Débat/ Conseil municipal/ Novembre 1995



Libellé de la question :
"La fête "Bleu-Blanc-Rouge" du Front national a eu lieu les 23 et 24 septembre derniers, dans le 12e arrondissement, sur la pelouse de Reuilly. Vers minuit, dans la nuit du 23 au 24 septembre, des actes de violence ont été commis par des membres du service d'ordre de M. LE PEN contre une résidence d'étudiants africains située à une centaine de mètres de la pelouse de Reuilly.
Ces faits, de même que l'agression dont a été victime un journaliste en cette même occasion, ont d'ailleurs été rapportés par la presse. Il a également été observé que les rassemblements du Front national donnent très fréquemment lieu à de tels débordements.
C'est pourquoi Melles Sylvie SCHERER et Cécile SILHOUETTE souhaiteraient savoir :
- quelles suites la Préfecture de police a donné à cette affaire ;
- quelles mesures elle entend prendre, à l'avenir, pour assurer la sécurité des personnes et des biens régulièrement menacés à l'occasion de chacun des rassemblements des amis de M. LE PEN."
Réponse (M. LE PRÉFET DE POLICE) :
"Melles SCHERER et SILHOUETTE souhaitent connaître les suites données aux actes de violence commis contre une résidence d'étudiants africains, dans la nuit du 23 au 24 septembre 1995, à l'issue d'un rassemblement du Front national. Elles demandent quelles mesures le Préfet de police entend prendre à l'avenir pour assurer la sécurité des personnes et des biens à l'occasion de tels rassemblements.

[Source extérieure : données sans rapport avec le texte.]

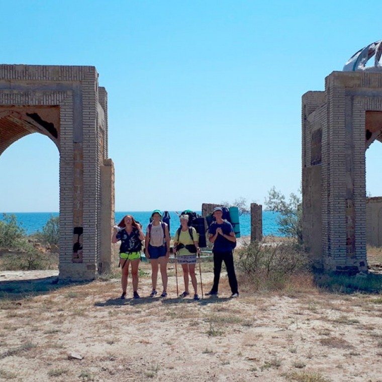 После осмотра пещеры мы пообедаем, а затем наберём побольше родниковой воды и траверсом вдоль Кара-Дага отправимся к морю. Красивый песочный пляж и прозрачная вода многих не оставит равнодушными, и, как показывает практика, всегда есть желающие окунуться в морскую гладь, ведь вода в это время уже очень тёплая. Мы пройдём вдоль красивых "шоколадных" гор, изящно вымытых водой. Довольно скоро мы дойдём в бухту Чалка, находящуюся около посёлка Прибрежное. По пути мы пройдём через "Киногородок" – весьма примечательное место. Когда-то тут готовились снимать фильм "Живая рыба", но сьёмки не состоялись, а декорации остались. Это начало большого плато мыса Меганом.

A l'issue du bal organisé dans le cadre de la fête "Bleu-Blanc-Rouge", pelouse de Reuilly, le 23 septembre, un groupe d'une vingtaine de jeunes s'est dirigé vers la maison des étudiants des états de l'Afrique de l'Ouest devant laquelle discutaient une cinquantaine de ressortissants de ces pays, les a agressés et injuriés, brisant les portes vitrées du bâtiment.
Le dispositif de surveillance mis en place dans le secteur a permis d'être immédiatement informé des faits et d'envoyer un escadron de gendarmes mobiles dont les éléments étaient implantés Porte-Dorée et Porte-de-Charenton.
Les deux parties ont ainsi pu être séparées et l'événement est resté localisé alors que plusieurs milliers de personnes quittaient la pelouse de Reuilly. Il n'y a eu ni blessé ni dégât matériel aux véhicules. Les responsables de la maison des étudiants ont été invités à déposer plainte et faire constater les dégâts matériels ; l'enquête se poursuit pour identifier les auteurs et la procédure sera transmise à l'issue des investigations à la 7e Section du Parquet de Paris.
Les directives données aux services de police pour maintenir l'ordre public en pareilles circonstances sont destinées en premier lieu à prévenir les incidents et, s'il faut intervenir, à le faire de façon proportionnée.
Les dispositions prises lors des rassemblements du Front national répondent également à cette double exigence puisque sur ce même site, aucun incident n'a été à déplorer en 1993 et 1994 et que la situation dont se sont émues, à juste titre, Melles SCHERER et SILHOUETTE, a pu être traitée rapidement sans risque d'extension."